Populate the data (2022-03-01 to 2022-03-31, each day with 10,000 rows)

insert into t 
select '2022-03-01'::date + floor(generate_series/10000)*(interval '1 day') as d,
       generate_series as v
from generate_series(1,31*10000);

Analyze the statistics, and block autovacuum on this table

vacuum analyze t;
alter table t set (autovacuum_analyze_scale_factor=0,autovacuum_analyze_threshold=1000000000);

Populate the data (2022-04-01 to 2022-04-07, each day with 10,000 rows)

insert into t 
select '2022-04-01'::date + floor(generate_series/10000)*(interval '1 day') as d,
       generate_series as v
from generate_series(1,7*10000);
select relname, relkind, reltuples, relpages
from pg_class where relname in ('t','t_n1');
relnamerelkindreltuplesrelpages
tr3799281682
t_n1i310000250
select attname,n_distinct,
       array_to_string(most_common_vals, E'\n') as most_common_vals, 
       array_to_string(most_common_freqs, E'\n') as most_common_freqs
from pg_stats where tablename='t';
attnamen_distinctmost_common_valsmost_common_freqs
d312022-03-200.0344
2022-03-240.033833332
2022-03-190.0332
2022-03-290.0332
2022-03-230.033166666
2022-03-050.032833334
2022-03-170.03266667
2022-03-210.0326
2022-03-120.032566667
2022-03-060.032433335
2022-03-130.0324
2022-03-280.0324
2022-03-110.032233335
2022-03-150.032166667
2022-03-100.032133333
2022-03-250.032133333
2022-03-270.0321
2022-03-160.032066666
2022-03-180.03203333
2022-03-310.032
2022-03-140.031866666
2022-03-080.031833332
2022-03-260.031833332
2022-03-020.0318
2022-03-030.031733334
2022-03-040.031533334
2022-03-090.031433333
2022-03-220.031433333
2022-03-070.031366665
2022-03-010.0313
2022-03-300.0313
v-1
(2 rows)

Now test PostgreSQL optimizer estimation with different values for column "D"

Test 1: Within Boundary (D = 2022-03-15)

explain (analyze, verbose) 
select count(*) from t where d = '2022-03-15'::date;
mytest=> explain (analyze, verbose)
mytest-> select count(*) from t where d = '2022-03-15'::date;
                                                             QUERY PLAN
------------------------------------------------------------------------------------------------------------------------------------
 Aggregate  (cost=284.84..284.85 rows=1 width=8) (actual time=1.259..1.260 rows=1 loops=1)
   Output: count(*)
   ->  Index Only Scan using t_n1 on public.t  (cost=0.42..254.29 rows=12221 width=0) (actual time=0.026..0.758 rows=10000 loops=1)
         Output: d
         Index Cond: (t.d = '2022-03-15'::date)
         Heap Fetches: 0
 Planning Time: 0.149 ms
 Execution Time: 1.317 ms
(8 rows)

Math: 379928 * 0.032166667 = 12221.017459976 ~ 12221 rows.
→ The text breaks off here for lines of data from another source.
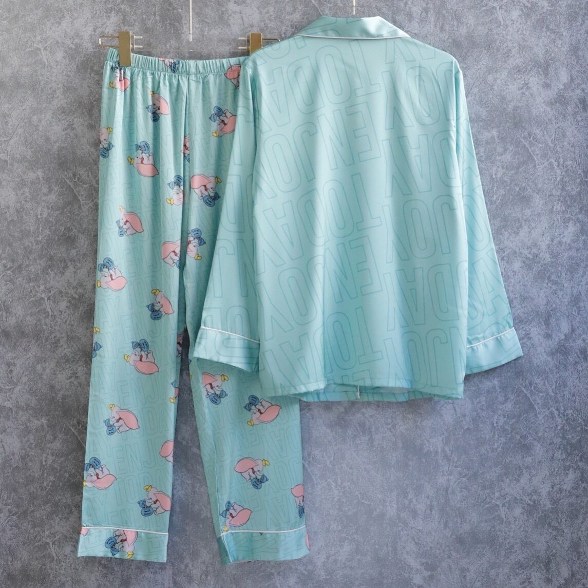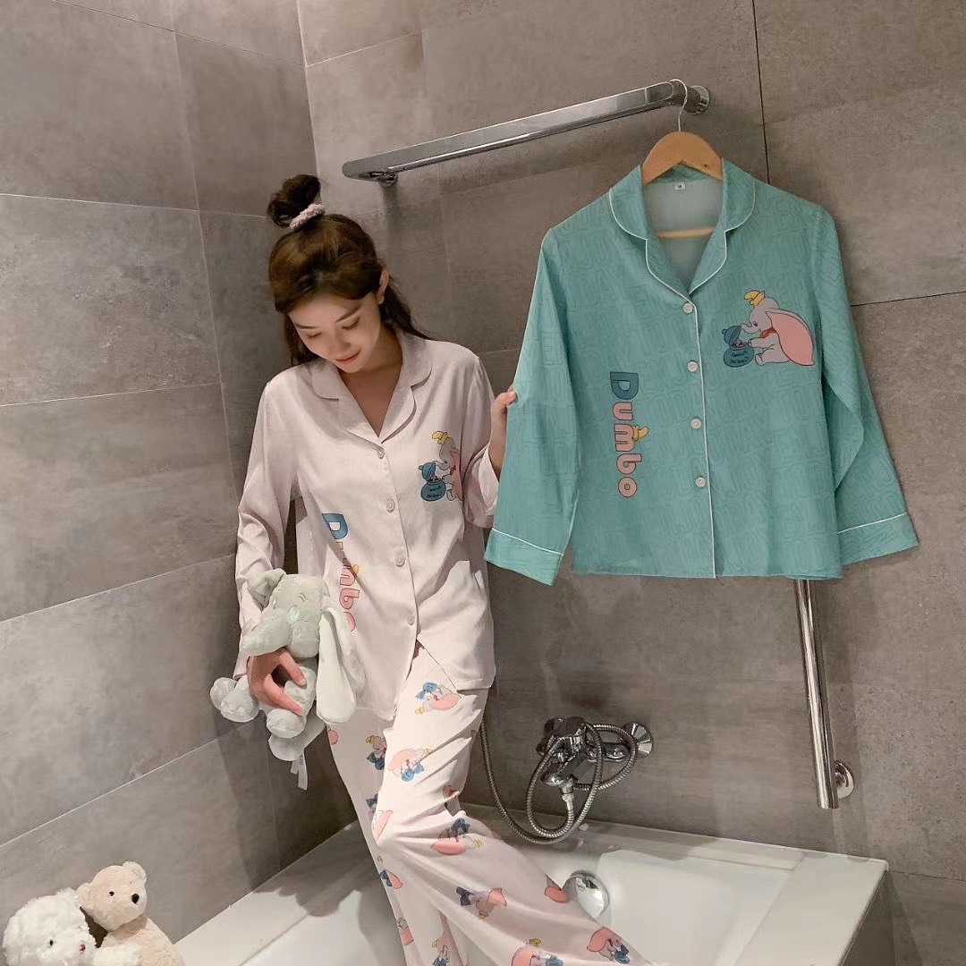 Chất liệu lụa in cao cấp kiểu dáng pijama dài tay dài họa tiết in đẹp chú voi con dumbo đáng yêu mang đến cho bạn sự thoải mái và sàng trọng khi ở nhà hoặc ngoài phố. Màu: hồng, xanh.
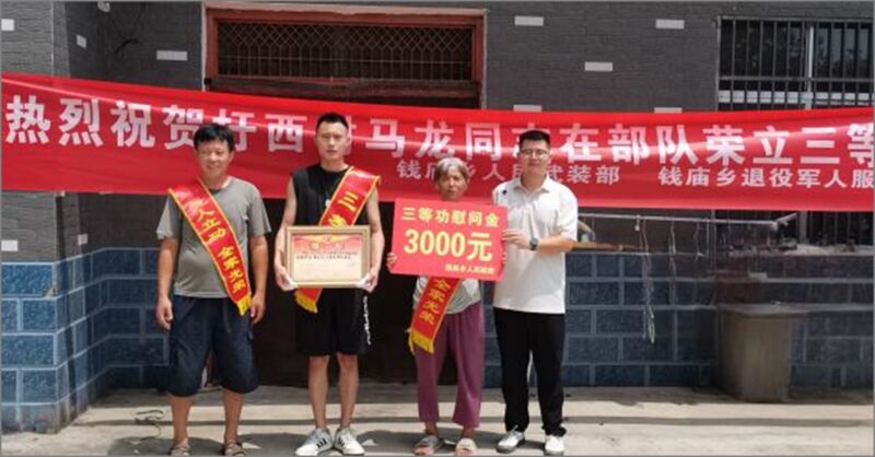 矢志建功在軍營(yíng),立功喜報(bào)家中送。8月4日,鳳臺(tái)縣錢(qián)廟鄉(xiāng)黨委、政府及退役軍人服務(wù)站組成慰問(wèn)組,專程前往該鄉(xiāng)圩西村,為榮立三等功的現(xiàn)役軍人馬龍家庭送上立功喜報(bào)、慰問(wèn)金及家鄉(xiāng)人民的祝福與感謝,讓軍人軍屬共享這份榮耀和喜悅。
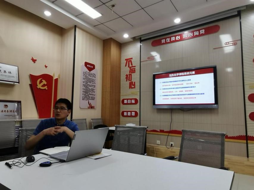 6月17日下午,教工物理化学党支部在致知楼1568会议室召开关于课程思政建设的支部会议。肖新军副院长为教工物化支部做了题为“同向而行-思政教育的显性教育和隐性教育”的专题报告,就课程思政教育、思政课程和课程思政、认识和思考等方面为大家全方位介绍了课程思政的重要性以及如何结合化学专业开展课程思政教育。王晓副书记根据蘑菇视频

Test 2: At the Boundary (D = 2022-03-31)

explain (analyze, verbose) 
select count(*) from t where d = '2022-03-31'::date;
mytest=> explain (analyze, verbose)
mytest-> select count(*) from t where d = '2022-03-31'::date;
                                                             QUERY PLAN
------------------------------------------------------------------------------------------------------------------------------------
 Aggregate  (cost=283.58..283.59 rows=1 width=8) (actual time=1.180..1.181 rows=1 loops=1)
   Output: count(*)
   ->  Index Only Scan using t_n1 on public.t  (cost=0.42..253.19 rows=12158 width=0) (actual time=0.023..0.687 rows=10000 loops=1)
         Output: d
         Index Cond: (t.d = '2022-03-31'::date)
         Heap Fetches: 0
 Planning Time: 0.065 ms
 Execution Time: 1.241 ms
(8 rows)

Math: 379928 * 0.032 = 12157.696 ~ 12158 rows.

Test 3: Outside the Boundary (D = 2022-04-01)

explain (analyze, verbose) 
select count(*) from t where d = '2022-04-01'::date;
mytest=> explain (analyze, verbose)
mytest-> select count(*) from t where d = '2022-04-01'::date;
                                                          QUERY PLAN
------------------------------------------------------------------------------------------------------------------------------
 Aggregate  (cost=4.44..4.45 rows=1 width=8) (actual time=1.194..1.194 rows=1 loops=1)
   Output: count(*)
   ->  Index Only Scan using t_n1 on public.t  (cost=0.42..4.44 rows=1 width=0) (actual time=0.024..0.731 rows=10000 loops=1)
         Output: d
         Index Cond: (t.d = '2022-04-01'::date)
         Heap Fetches: 0
 Planning Time: 0.061 ms
 Execution Time: 1.274 ms
(8 rows)

Test 4: Outside the Boundary further (D = 2022-04-07)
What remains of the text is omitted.